Тем временем, у госпиталей каждый день продолжали собираться люди. В основном странники, ищущие пропавших без вести близких. «Крикунов» обычно находили без каких-либо удостоверений личности, так как их бумажники были украдены. Иногда их обнаруживали вообще без одежды, так как в беспомощном состоянии они становились жертвами ограбления. Странники прибывали, полные надежды, сжимающие фотографии друзей и родных. Они целый день стояли и ждали своей очереди, чтобы войти, сесть за компьютер и попытаться отыскать своих близких в базе данных СВЦЭЛ. С другой стороны туда прибывали еще несколько сотен человек ежедневно, которые кричали и размахивали гневными лозунгами и оружием. Напуганные новой вспышкой эпидемии, они требовали для заболевших более строгих мер изоляции и помещения их в карантинные лагеря за пределы города.

Естественно две эти группы людей ненавидели друг друга, и решительно настроенный отряд конной полиции держал их на расстоянии. Вход в госпиталь охранялся спецназом, в устрашающих черных бронежилетах, шлемах с козырьками из прозрачного пластика, с метровыми дубинками из твердого дерева и тактическими щитами. Вторую линию защиты составляли группы захвата из трех человек.

Уэнди была в одной из этих групп. В прежние дни, копы выстраивались в цепь и атаковали, колотя дубинками по головам, пока улица не опустеет, но с годами тактика изменилась. Теперь группы захвата отправлялись в толпу, чтобы арестовать зачинщиков беспорядков и убрать их с места происшествия. Главное не дать протесту перерасти в бунт, который может внезапно выйти из-под контроля. У них вряд ли были ресурсы для противостояния протестам. Крупномасштабный бунт может распространиться и положить конец закону и порядку в Питтсбурге. Они уже арестовали восемь человек. Она оттесняла толпу своим щитом, пока двое ее коллег производили захват нарушителя.

По оцеплению прошел слух, что новый майор устал от протестов и в четыре часа хочет прекратить доступ людей в госпиталь.

Коп, стоящий слева от Уэнди, Джо Вили, покачал головой и сплюнул.

— Вот дерьмо, — сказал он. — У нас не нацистское государство. Черт, я тоже потерял родных в эпидемии. Эти люди имеют право найти своих близких.

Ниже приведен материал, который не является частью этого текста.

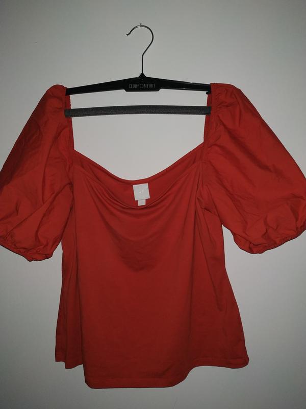 Трендова кофтинка яскравого червоного кольору з рукавами - фонаріками. Параметри ПОГ - 47 см Довжина - 41 см Довжина рукава - 27 см

— У нас не хватает живой силы, — сказал Арчи Уорд. — Или, в случае с нашей Барби, женской силы.

Уэнди ничего не сказала, глядя перед собой с угрюмым выражением профессионала на лице. Она была не настолько глупа, чтобы захватить приманку. Она просто жевала свою жвачку.

Арчи добавил, — Майор прав. Сколько копов они ежедневно загружают работой? У нас не хватает людей. Мы работаем вхолостую, Джо.

— Не говорю уже о сверхурочных. Что верно, то верно.

Сержант орал в мегафон, приказывая толпе разойтись.

Но люди не подчинялись и скандировали «Нет!»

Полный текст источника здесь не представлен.